Model 1: Produce model fit table

m1_output <- readModels(here("m1_enum"), quiet = TRUE)

m1_enum <- LatexSummaryTable(m1_output,                               
                keepCols=c("Title","Parameters", "LL", "BIC",         
                           "aBIC", "BLRT_PValue", "T11_VLMR_PValue",
                           "Observations"),    
                sortBy = "Title")                                     

gt(m1_enum)

Title	Parameters	LL	BIC	aBIC	BLRT_PValue	T11_VLMR_PValue	Observations
M1: Class1	8	-46288.29	92640.89	92615.47	NA	NA	3103
M1: Class2	13	-43352.36	86809.23	86767.93	0	0.0000	3103
M1: Class3	18	-42126.11	84396.93	84339.74	0	0.0000	3103
M1: Class4	23	-41433.72	83052.37	82979.29	0	0.0000	3103
M1: Class5	28	-41051.51	82328.14	82239.17	0	0.1547	3103
M1: Class6	33	-40755.99	81777.31	81672.46	0	0.0149	3103

`model 2`: Free variances & covariances fixed to zero

In model-2 the variances are freely estimated across latent classes (4 item variances per-class; 4*4=16 variance parameters) and covariance parameters are fixed to zero. In regards to the variance-covariance matrix this model is also named the, class-varying, diagonal model.

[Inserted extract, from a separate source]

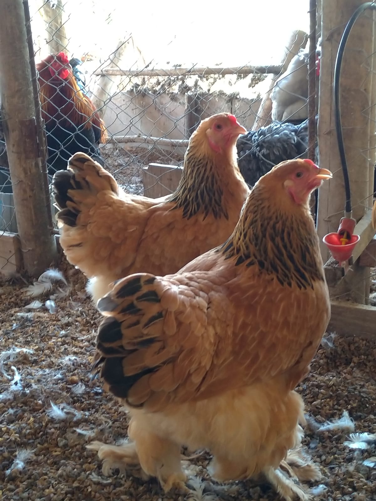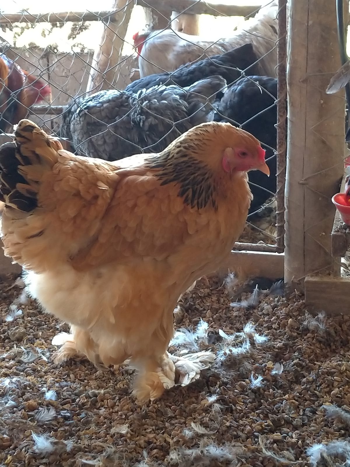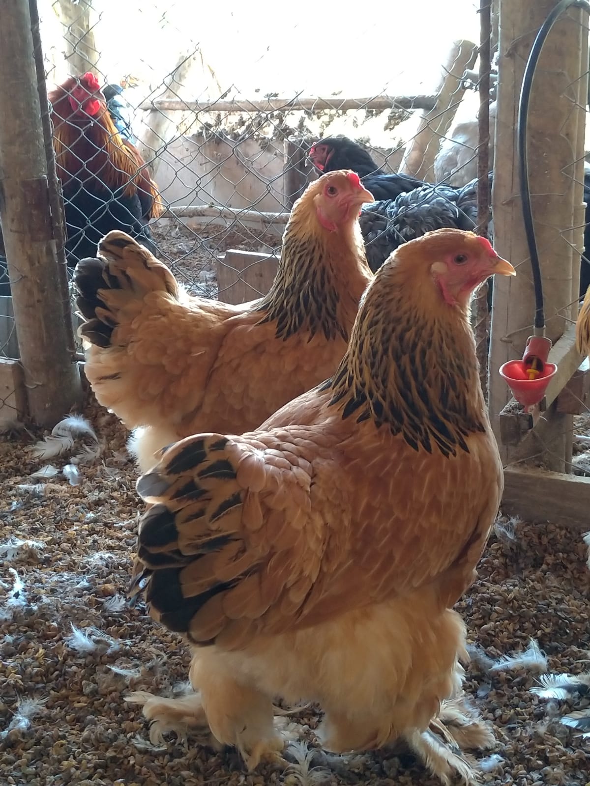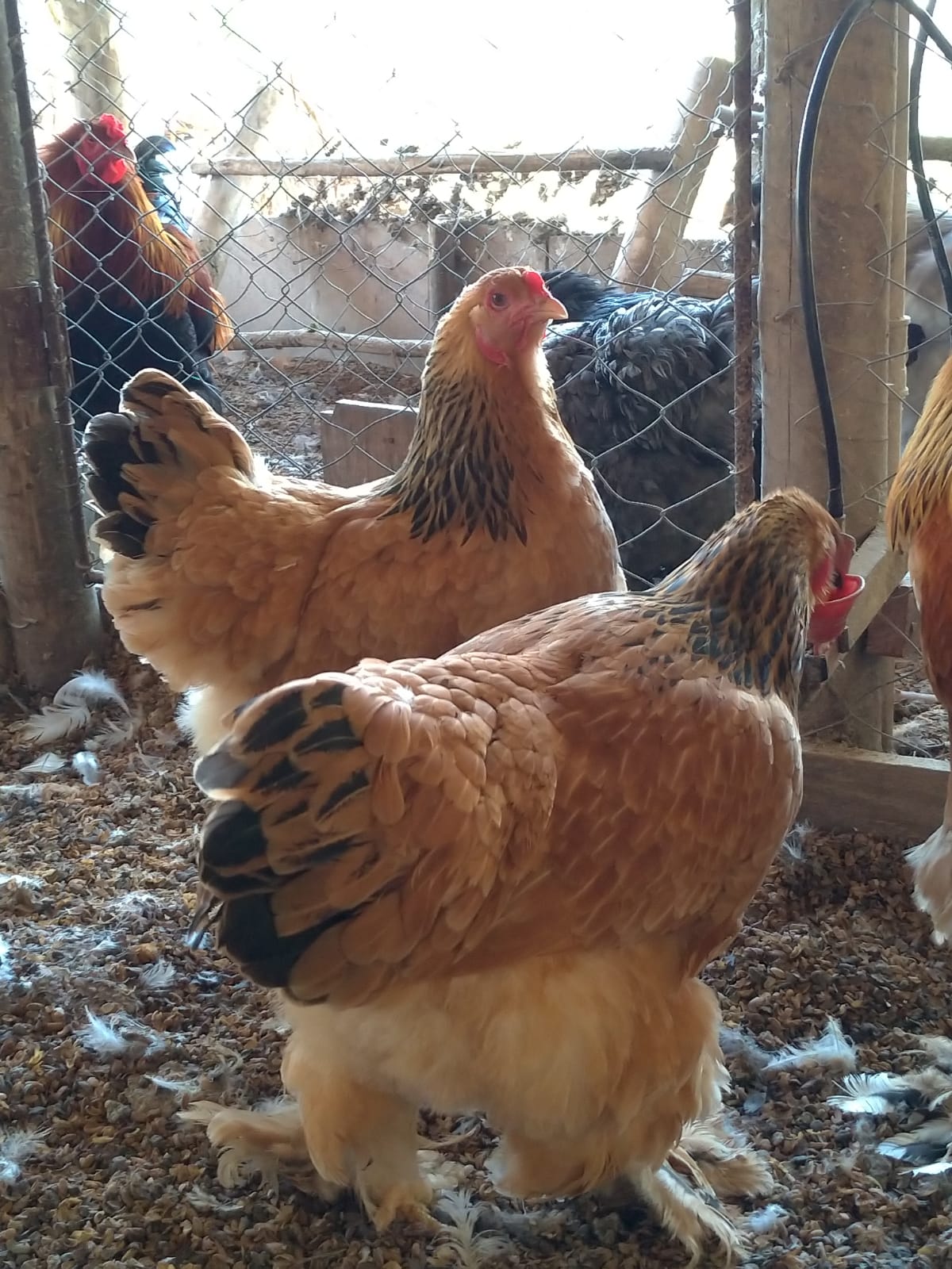 O galo pesa de 5 a 7 kg e mede de 60 a 80 cm de altura. A fêmea pesa de 4 a 5 kg e produz de 150 a 200 ovos por ano.

lpa_m2  <- lapply(1:6, function(k) { 
  z2 <- if_else(k < 2 , '!' , '')
  z3 <- if_else(k < 3 , '!' , '')
  z4 <- if_else(k < 4 , '!' , '')
  z5 <- if_else(k < 5 , '!' , '')
  z6 <- if_else(k < 6 , '!' , '')
  
lpa_enum  <- mplusObject(
      
  TITLE = glue("M2: Class{k} "), 
  
  VARIABLE = glue(
   "usevar = mth_scor-bio_scor;
    classes = c({k}); "),
  
  ANALYSIS = 
   "estimator = mlr; 
    type = mixture;
    starts = 200 50; 
    processors = 10;",
  
  MODEL = glue(
   
   "%c#1%
    [mth_scor-bio_scor];   !!! means are are freely estimated
    mth_scor-bio_scor;     !!! variances are freely estimated
                           !!! covariances are fixed to zero (default)
{z2} %c#2%
{z2} [mth_scor-bio_scor];
{z2} mth_scor-bio_scor;
     
{z3} %c#3%
{z3} [mth_scor-bio_scor];
{z3} mth_scor-bio_scor;
     
{z4} %c#4%
{z4} [mth_scor-bio_scor];
{z4} mth_scor-bio_scor;

{z5} %c#5%
{z5} [mth_scor-bio_scor];
{z5} mth_scor-bio_scor;

{z6} %c#6%
{z6} [mth_scor-bio_scor];
{z6} mth_scor-bio_scor;

"),
  
  OUTPUT = "sampstat residual tech11 tech14;",
  
  PLOT = 
    "type = plot3; 
     series = mth_scor-bio_scor(*);",
  
  usevariables = colnames(lsay_data),
  rdata = lsay_data)

lpa_m2_fit <- mplusModeler(lpa_enum, 
    dataout=glue(here("m2_enum", "c_lpa_m2.dat")),
    modelout=glue(here("m2_enum", "c{k}_lpa_m2.inp")) ,
    check=TRUE, run = TRUE, hashfilename = FALSE)
})

Model 2: Produce model fit table

m2_output <- readModels(here("m2_enum"), quiet = TRUE)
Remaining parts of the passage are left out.